Gabriel Fauré’s String Quartet in E Minor (op. 121) will forever be associated in my mind with the morning after I had heard Debussy’s quartet. Debussy’s piece had had a deep and lasting impact upon me the day before. I rose in the morning to drive to work, and while I drove by that field in the picture I immersed myself in the first movement of Fauré’s piece. The field, the sun, the sky, the music…
The warm glow was instantly back, at the same time I realized the freshness, both outside – it was around 7 o’clock – and in the music performed by the Quatuor Ebène. Tranquility, not the longing for peace, but the experience of peace, a deeply felt serenity – very different from the serenity Johann Sebastian Bach’s music makes me experience – and a contemplation of the modern world with all its contradictions, void of judgments and fears, a contemplation of the world as it is.
Asking why, why, why
An unbiased contemplation of the world – the view of a newly born child. A few days before I started to write this post, a woman unknown to me gave birth to a daughter in the city of London. Her auntie, a fellow blogger, wrote a moving post about it, encapsulating all the blessings an auntie could give her niece. Being a child again, looking at the world without prejudices, without being manipulated by politicians, journalists or other intermediaries. Seeing for oneself, trying stuff. Asking why, why, why. Why isn’t the earth flat and if it isn’t why don’t why fall off? Never trust the appearances – this is the message I would like to pass to that little one. Ask questions! Always. And don’t be satisfied with easy answers. And do the unheard of. Let yourself be amazed by the world and amaze the world by your ideas, your creativity, your joy, your energy.

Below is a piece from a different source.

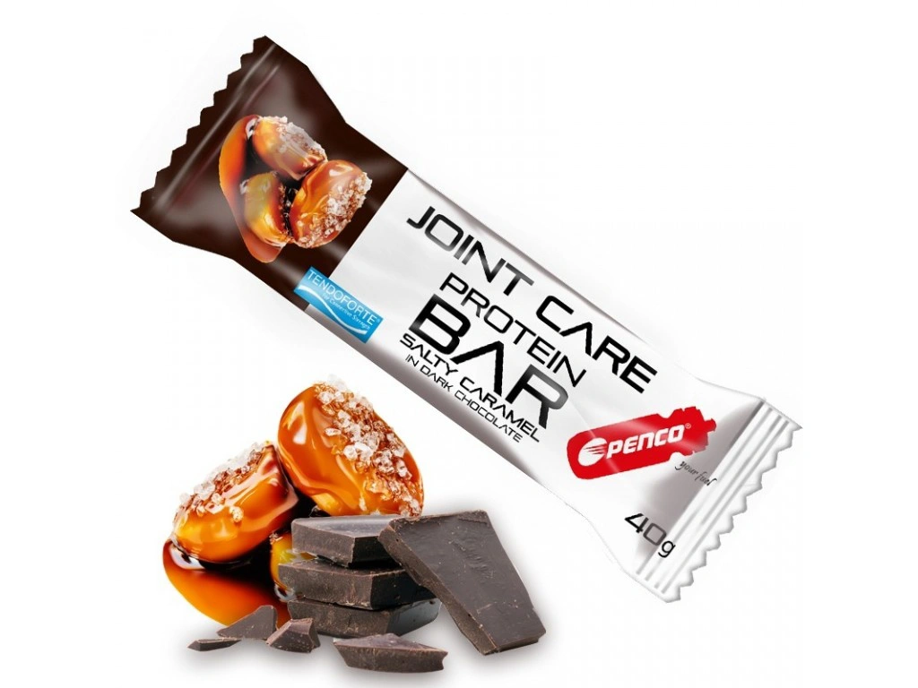 Penco Joint Care Protein Bar je proteinová tyčinka s příchutí slaného karamelu, bez přidaného cukru. Ideální pro sportovce a při dietě. Obsahuje 30 % bílkovin, kolagen a vlákninu.

A talented man, a difficult man
So where does it leave us with Fauré and the quartet? Fauré amazed his contemporaries. Such a genius! Such an audacity! Such a harsh critic of himself! Withdrawn at times, ebullient and jocular at others. The biographer Jean-Michel Nectoux wonders whether Fauré was not afraid of his own talent, trying to hide his love for sublime beauty and deep feelings. His music is marked by the delicate expression of emotions, a very special tenderness. The three movements of the quartet are a long, reflective vision, maximal expression with minimal means, a morning meditation over the beauty of the world, of life, of human possibilities. Perhaps they express all that Fauré could never say with words.

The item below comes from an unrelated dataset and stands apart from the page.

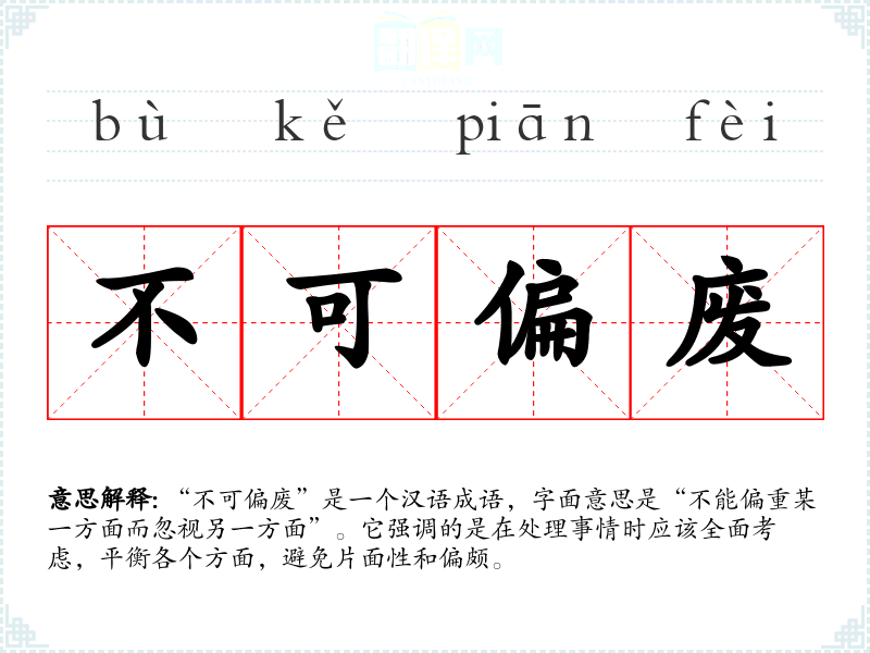 “不可偏废”是一个汉语成语,字面意思是“不能偏重某一方面而忽视另一方面”。它强调的是在处理事情时应该全面考虑,平衡各个方面,避免片面性和偏颇。
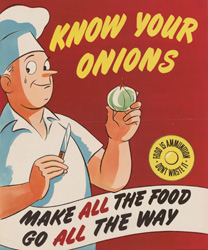 This inventive store display ca. 1917 -18 promotes the potato as a “good soldier” and recommends people eat it “uniform and all.”

Fauré got his musical training at the Ecole de Musique Classique et Religieuse, also known as the Ecole Niedermeyer. It had been established by Louis Niedermeyer in 1818 with the help of Napoleon III to promote religious music in France. Fauré stayed for 11 years at the Ecole Niedermeyer; he studied plainsong, the organ and Renaissance polyphonic works. This education marked his later style as his concept of tonality went beyond anything that was taught by music scholars at the time. When Niedermeyer died in 1861, Fauré met Camille de Saint-Saëns who took over the piano class. By then he had already won a first prize in the piano class, a first prize in the composition class and a second prize in the harmony class. A hidden talent!
Piano and chamber music
Fauré was appointed as an organist to different churches in Paris and returned to the Ecole Niedermeyer as a teacher. In the 1870s he joined the circle around Saint-Saëns, where he socialized with all the members of Parisian musical society, among them Pauline Viardot, whom we have already met in an earlier post. He became engaged to Viardot’s daughter Marianne, “but the engagement was broken off […] by the girl, who felt only affection mixed with fear for her fiancé”, says Oxford Music Online. Mutual misunderstandings, Viardot’s fragility and Fauré’s timidity, easily mistaken for indifference, seemed to have triggered the rupture.

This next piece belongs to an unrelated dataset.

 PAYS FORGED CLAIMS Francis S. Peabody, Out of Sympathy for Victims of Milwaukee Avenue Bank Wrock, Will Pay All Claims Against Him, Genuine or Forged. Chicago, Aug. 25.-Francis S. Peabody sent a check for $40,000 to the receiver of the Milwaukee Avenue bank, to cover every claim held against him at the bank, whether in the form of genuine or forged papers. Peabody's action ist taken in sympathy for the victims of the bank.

In 1896 Fauré became composition teacher at the Paris Conservatory, the secular rival of the Ecole Niedermeyer. Unheard of! He had socialized with the right people in Paris and nobody could deny his genius. A few years later hecwould be appointed director and a wave of modernity would shake the conservatory. Fauré composed a huge number of avant-garde instrumental music during this time, mainly piano music, chamber music, a symphony, that he rejected later, an unfinished violin concerto and two sets of incidental music, a form that he describes in a letter to Saint-Saëns as “the only [one] which is suited to my meagre talents”.
The quartet was the last piece that Fauré wrote before his death. He composed it between September 1923 and summer 1924. It was premiered after Fauré’s death. The composer had declined an offer to have it performed privately before his death. It wouldn’t have done much good. From 1903 on Fauré was deaf. The quartet has been described as a meditation over the last things. For me it is a meditation about the first things.